The quality control, normalization, and assembly were performed with an in-house workflow called ARtWORK [41]. As previously described by Vila Nova et al., 2019 [42], the ARtWORK workflow is based on coverage control (i.e., > 100X) with Bbmap [43], read normalization (i.e., 100X) with Bbnorm [44], quality control of reads with FastQC [45], and read trimming (i.e., > 20 quality control) with Trimmomatic [46]. The quality rules followed were: (1) length of read must be higher than or equal to 50 base pairs (bp), otherwise excluded; (2) phred score per base must be higher than or equal to 30x; and (3) adapters must be filtered away based on an internal database with Illumina adapters.
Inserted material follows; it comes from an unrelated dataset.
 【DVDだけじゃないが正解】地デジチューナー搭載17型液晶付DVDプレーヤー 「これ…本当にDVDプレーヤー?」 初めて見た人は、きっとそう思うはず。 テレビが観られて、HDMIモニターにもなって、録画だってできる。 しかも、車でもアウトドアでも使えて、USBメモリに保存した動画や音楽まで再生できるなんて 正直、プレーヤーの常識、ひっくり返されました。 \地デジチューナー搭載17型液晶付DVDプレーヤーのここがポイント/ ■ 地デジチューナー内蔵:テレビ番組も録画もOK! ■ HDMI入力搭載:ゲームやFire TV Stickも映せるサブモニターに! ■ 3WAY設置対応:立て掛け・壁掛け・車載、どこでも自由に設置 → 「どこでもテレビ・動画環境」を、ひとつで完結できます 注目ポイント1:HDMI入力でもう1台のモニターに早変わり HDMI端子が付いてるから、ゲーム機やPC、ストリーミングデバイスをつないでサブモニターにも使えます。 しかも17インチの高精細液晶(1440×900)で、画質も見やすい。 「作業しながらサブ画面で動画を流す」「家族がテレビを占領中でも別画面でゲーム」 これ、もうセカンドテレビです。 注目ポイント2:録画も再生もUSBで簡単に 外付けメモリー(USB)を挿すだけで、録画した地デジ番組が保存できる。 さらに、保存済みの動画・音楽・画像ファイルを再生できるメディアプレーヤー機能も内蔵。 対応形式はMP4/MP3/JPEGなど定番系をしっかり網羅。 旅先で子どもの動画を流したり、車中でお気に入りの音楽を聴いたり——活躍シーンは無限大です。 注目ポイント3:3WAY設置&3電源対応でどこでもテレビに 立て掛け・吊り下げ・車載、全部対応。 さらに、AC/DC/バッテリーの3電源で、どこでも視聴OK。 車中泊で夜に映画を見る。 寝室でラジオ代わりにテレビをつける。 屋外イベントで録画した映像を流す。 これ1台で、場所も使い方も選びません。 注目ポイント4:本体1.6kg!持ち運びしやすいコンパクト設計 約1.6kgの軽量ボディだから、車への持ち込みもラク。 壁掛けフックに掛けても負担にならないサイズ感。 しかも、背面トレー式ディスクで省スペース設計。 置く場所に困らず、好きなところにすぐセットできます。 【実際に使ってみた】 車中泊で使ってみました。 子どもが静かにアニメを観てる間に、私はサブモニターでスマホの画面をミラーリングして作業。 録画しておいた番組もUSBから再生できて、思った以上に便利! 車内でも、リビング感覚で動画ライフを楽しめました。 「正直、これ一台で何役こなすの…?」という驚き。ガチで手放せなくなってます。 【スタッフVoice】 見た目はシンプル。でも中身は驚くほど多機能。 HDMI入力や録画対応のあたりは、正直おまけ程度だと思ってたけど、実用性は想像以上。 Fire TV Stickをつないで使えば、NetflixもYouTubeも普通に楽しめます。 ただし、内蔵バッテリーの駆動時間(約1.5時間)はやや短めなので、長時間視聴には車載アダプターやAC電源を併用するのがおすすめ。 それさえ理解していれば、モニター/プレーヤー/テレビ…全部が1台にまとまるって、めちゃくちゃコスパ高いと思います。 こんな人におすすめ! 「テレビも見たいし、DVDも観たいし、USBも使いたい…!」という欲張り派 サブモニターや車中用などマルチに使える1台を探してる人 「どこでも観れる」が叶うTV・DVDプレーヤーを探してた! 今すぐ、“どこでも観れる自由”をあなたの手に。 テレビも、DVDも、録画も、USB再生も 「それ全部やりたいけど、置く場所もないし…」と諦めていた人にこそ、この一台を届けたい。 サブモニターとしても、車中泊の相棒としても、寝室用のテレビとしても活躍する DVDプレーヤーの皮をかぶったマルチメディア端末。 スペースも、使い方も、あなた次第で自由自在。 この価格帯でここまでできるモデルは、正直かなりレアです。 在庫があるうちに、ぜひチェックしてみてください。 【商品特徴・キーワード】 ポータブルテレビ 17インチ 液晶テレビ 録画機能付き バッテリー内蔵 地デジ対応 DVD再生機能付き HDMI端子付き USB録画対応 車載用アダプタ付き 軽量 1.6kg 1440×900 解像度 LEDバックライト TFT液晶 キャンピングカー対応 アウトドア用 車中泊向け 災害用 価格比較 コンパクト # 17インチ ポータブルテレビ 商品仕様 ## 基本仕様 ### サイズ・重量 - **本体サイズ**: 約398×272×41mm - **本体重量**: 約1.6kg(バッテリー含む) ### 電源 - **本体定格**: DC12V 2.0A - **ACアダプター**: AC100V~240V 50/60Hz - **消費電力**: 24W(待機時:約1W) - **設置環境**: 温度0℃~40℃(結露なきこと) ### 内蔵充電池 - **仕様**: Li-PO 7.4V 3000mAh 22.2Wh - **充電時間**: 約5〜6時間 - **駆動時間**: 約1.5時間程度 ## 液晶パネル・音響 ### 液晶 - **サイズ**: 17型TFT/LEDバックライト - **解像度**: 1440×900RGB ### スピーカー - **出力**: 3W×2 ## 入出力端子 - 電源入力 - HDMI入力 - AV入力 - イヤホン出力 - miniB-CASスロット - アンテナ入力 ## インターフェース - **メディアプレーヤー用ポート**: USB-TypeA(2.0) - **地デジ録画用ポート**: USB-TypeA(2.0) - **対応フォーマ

De novo assembly was performed through SPAdes [47]. Medusa and Gapcloser [48] were used to optimize and finish the assembly, as previously described by Palma et al., 2020 [49].

Determination of the closest serovar

The 40 S. Welikade strains selected for the retrospective genomic analysis of the outbreak were uploaded into EnteroBase [22] with the corresponding metadata. The short reads were assembled by EnteroBase. Multilocus sequence typing (MLST), serovar prediction, and hierarchical clustering were performed automatically.
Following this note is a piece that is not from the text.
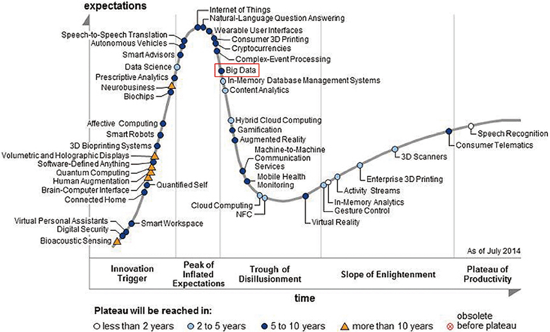 「ビッグデータ」という言葉は「クラウド・コンピューティング」などと同じように非常にコンセプチュアルな用語です。定義が曖昧模糊としていて意味するところが時間の経過と共に変化していくので、非常に感覚的に使われることが多いです。それ故に長く生き残っていく用語だと思います。しかし、流行りすたりのあるバズワードとしての「ビッグデータ」は、2015年の現在、賞味期限切れを迎えつつあるように感じられます。この印象は、イギリスのシンクタンクであるガートナーが毎年発表しているハイプサイクルでも、2014年には「ビッグデータ」は幻滅期に突入していることから、それなりに裏付けのある話でしょう(図-1)。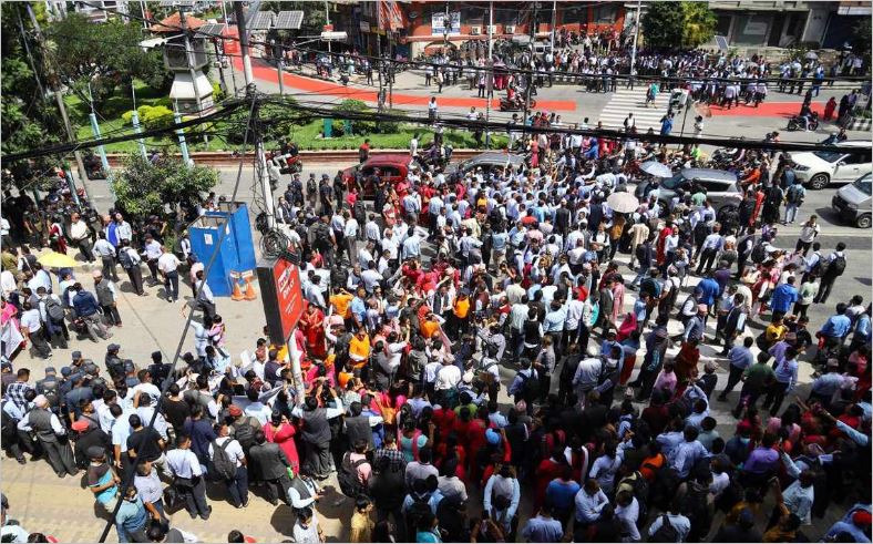 असोज ३, काठमाडौँ | विद्यालय शिक्षा विधेयकको विरोधमा नेपाल शिक्षक महासंघको अगुवाइमा राजधानीमा भएको प्रदर्शनका कारण यातायात अस्तव्यस्त बनेको छ। राजधानीका माइतीघरमा भेला भएका शिक्षकहरूले आन्दोलन गरिरहेका हुन् ।

The EnteroBase Salmonella database [14, 20] was interrogated by searching the HC2000 profile of S. Welikade strains, following instructions described by Zhou et al. in 2020 [22]. GrapeTree clustering was used with the MSTreeV2 algorithm [25].

Genome analysis for outbreak investigation

Multilocus sequence typing (MLST)

The seven housekeeping gene sequences (aroC, dnaN, hemD, hisD, purE, sucA, and thrA) for each strain were detected using EnteroBase [22] MLST tools, which enabled us to determine the sequence type (ST) directly from the fastq files.

SNP calling analysis

A dendrogram of non-repetitive SNP calling was produced within EnteroBase with the SNP project tool against the S. Gaminara genome SA20063285 [NCBI_NZ_CP030288.1] reference genome, with a cut-off set at a minimum sites present of 95%.
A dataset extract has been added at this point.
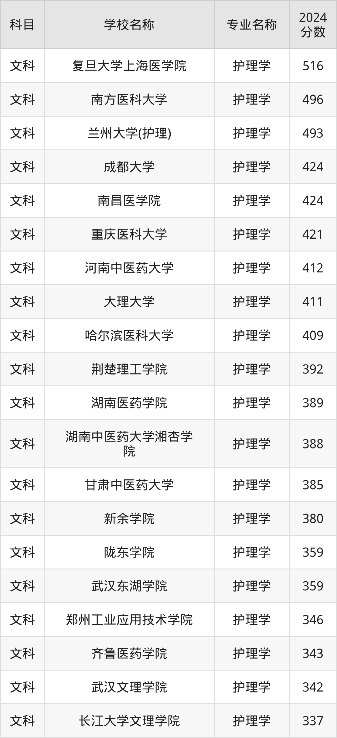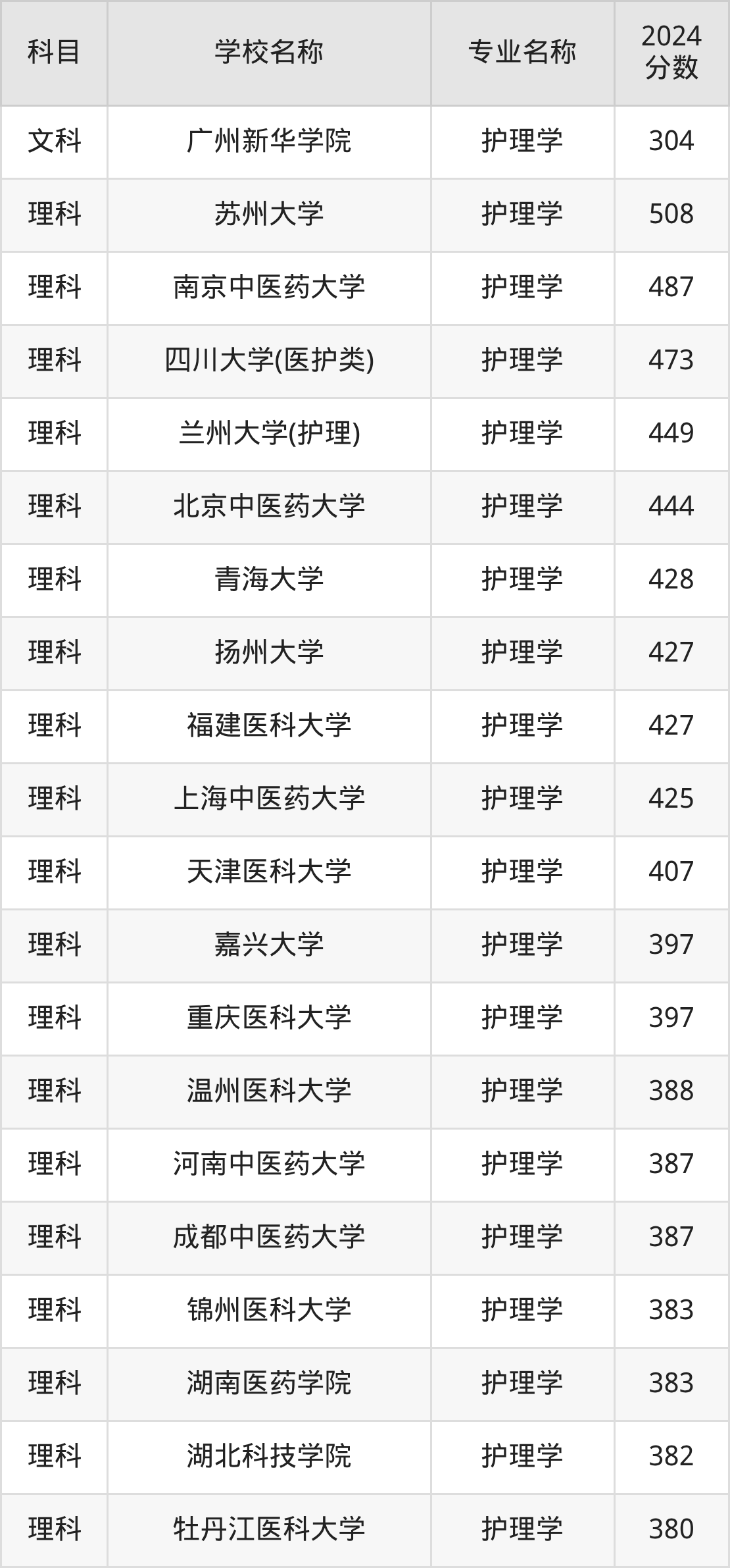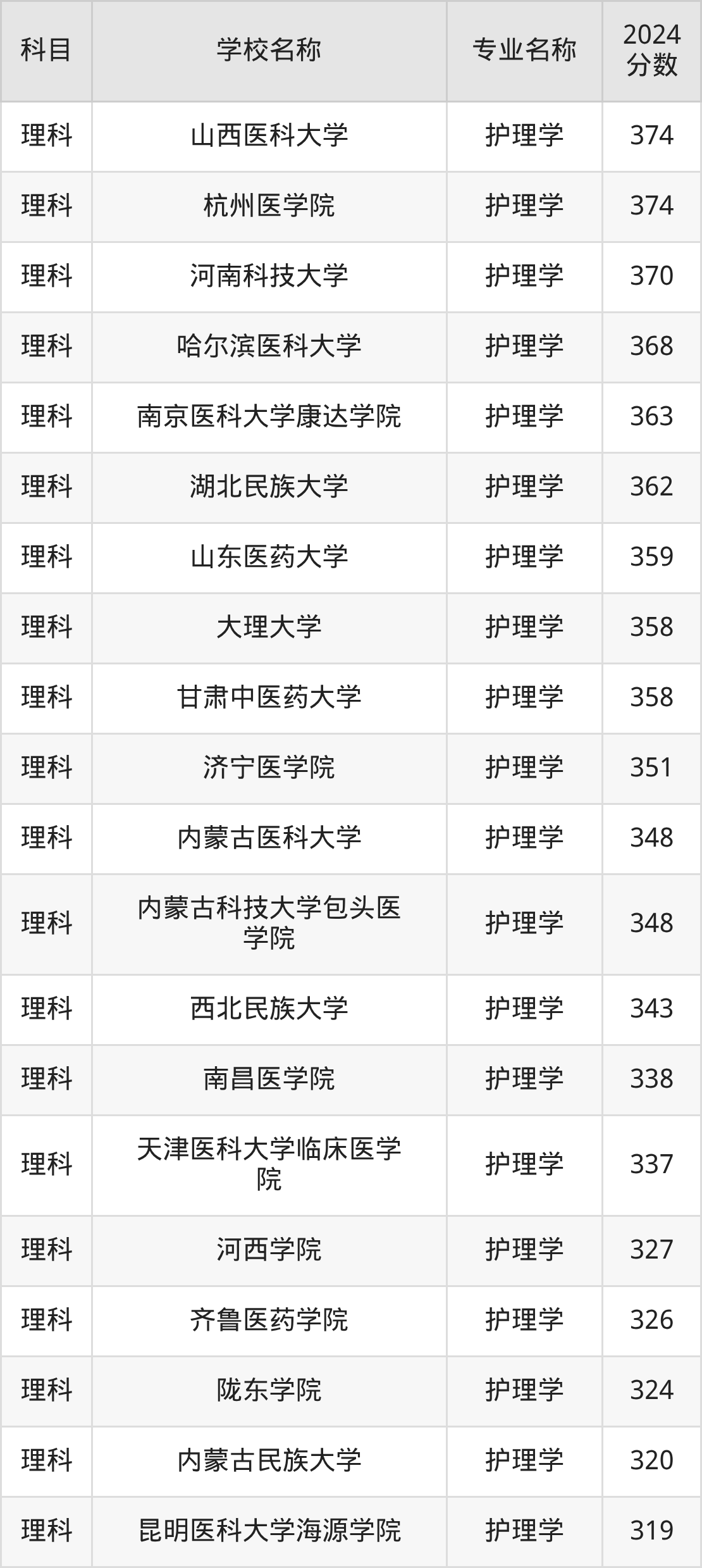 | 新疆医科大学 | 护理学 | 375 |

A core genome SNP analysis was conducted using the iVARCall2 workflow [50, 51]. Reads were mapped to both the S. Gaminara SA20063285 reference genome [NCBI_NZ_CP030288.1] and S. Typhimurium LT2 reference genome [NCBI_AE006468.2]. A pseudogenome obtained on the SA20063285 reference was generated using the HaplotypeCaller algorithm (GATK). SNPs were predicted, and the distance matrix between each pair of genomes was calculated.

Phylogenetic inference

The phylogenetic tree generated on the core genome dataset was computed using the IQ-TREE tool [52]. The tree was constructed based on the pseudogenome under the maximum likelihood criterion (ML). The model of nucleotide evolution was automatically selected by the ModelFinder [53] option according to the Bayesian Information Criterion (BIC). ModelFinder selected the three substitution-type models with unequal base frequency and invariable sites (K3Pu + F + I). The branch supports for the tree were estimated with 3,000 bootstrap replicates using the UFBoot [54] option (Ultrafast Boostrap Approximation).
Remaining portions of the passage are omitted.